A more familiar British firm with big exposure to Africa is PZ Cussons – the maker of Carex soap and Original Source shower gel. Just over a third of its revenues are generated in Africa – mostly Nigeria, where PZ Cussons has the leading baby care brand. That’s intriguing given the Nigerian demographics I highlighted earlier, although remember it’s just one cog in PG Cussons’ big machine (and note too that the territory has suffered from to several years of political unrest).
It’s worth bearing in mind that even giant consumer goods companies like Unilever and Diageo will give you exposure to Africa. Diageo discloses that Africa already accounts for 10% of its revenues. Unilever lumps the continent in with Asia in its reporting, but given the consumer behemoth’s pivot towards emerging markets and the existence of separate subsidiaries such as Unilever Nigeria, it’s likely Africa again comprises a growing proportion of its top-line.
Of course, the traditional way for British investors to put money into Africa is via commodity plays.
The big FTSE miners and energy companies have long had huge operations in Africa, from oil extraction in Nigeria to gold mining in South Africa. There are a host of smaller commodity players active on the continent too, from oil producer Tullow Oil to gold miner Centamin.
Indeed, you could spend weeks researching all the commodity firms listed in London that operate out of Africa. However, in my opinion that’s not really in the spirit of investing in Africa.

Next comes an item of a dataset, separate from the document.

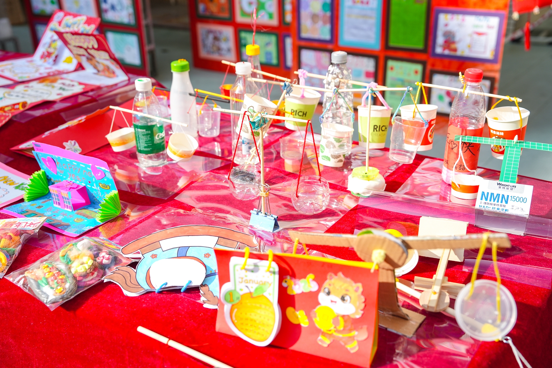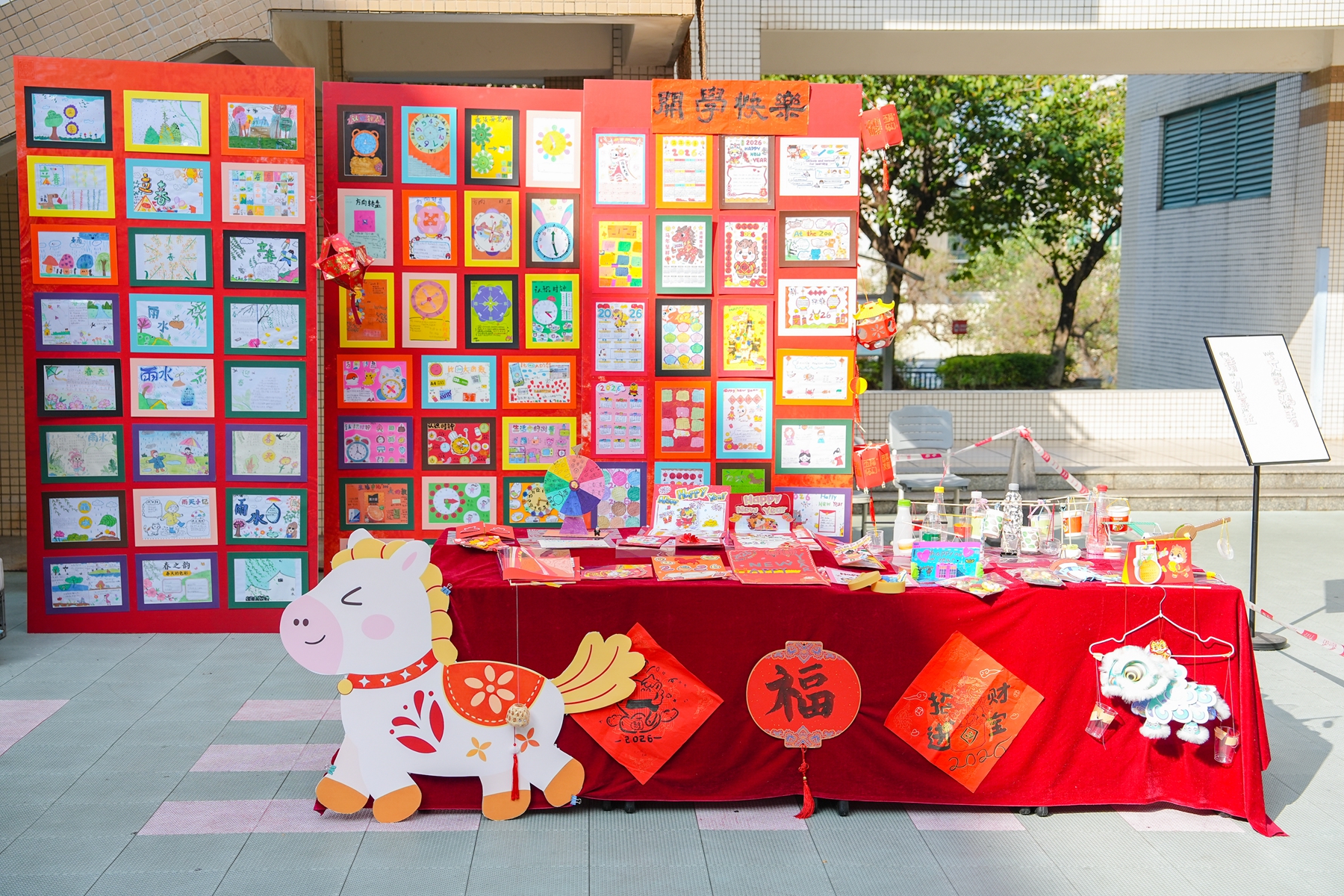 三年级聚焦“学科融合、实践赋能”,将正雅教育融入语文、数学、英语多学科实践,助力学生在多元体验中提升综合素养。语文展区内,毛笔书写的“福”字虽稚嫩却工整,黏土捏制的年夜饭栩栩如生,搭配温情满满的寒假照片,每一件作品都藏着孩子们对新春的真诚祝福与团圆期盼;数学展区里,孩子们用废旧纸杯、筷子搭建的天平精巧实用,立体分数转盘可灵活转动,匠心独具的马年日历色彩明快,让孩子们在动手创意中深化知识理解、锤炼思维能力;英语展区中,创意立体贺卡打开即见精美造型,主题手抄报图文并茂,既有家庭温馨瞬间,也有可爱动物形象,传递着跨越语言的童心与诚意,让孩子们在趣味实践中扎实提升语言运用能力。

Commodity firms might benefit from a reduction of political risk on the continent, were that to transpire. But they won’t get you exposure to the African consumer of the future.
A game of two halves
By the time you read this, England’s Lions will have had something to say about at least one African team’s progress in the World Cup – or vice-versa.
Football forecasts lie outside my circle of competence. But as a season ticket holder to the great game of globalisation, I feel confident in stating we’ll hear much more from all our companies over the next few decades about their business interests in Africa.
In fact, I’ll make a prediction to rival Pele’s: by 2050, one of the largest companies in the world will be headquartered in Africa.
Let’s hope we don’t have to wait until 2095 to find out whether I am closer to the mark than he was.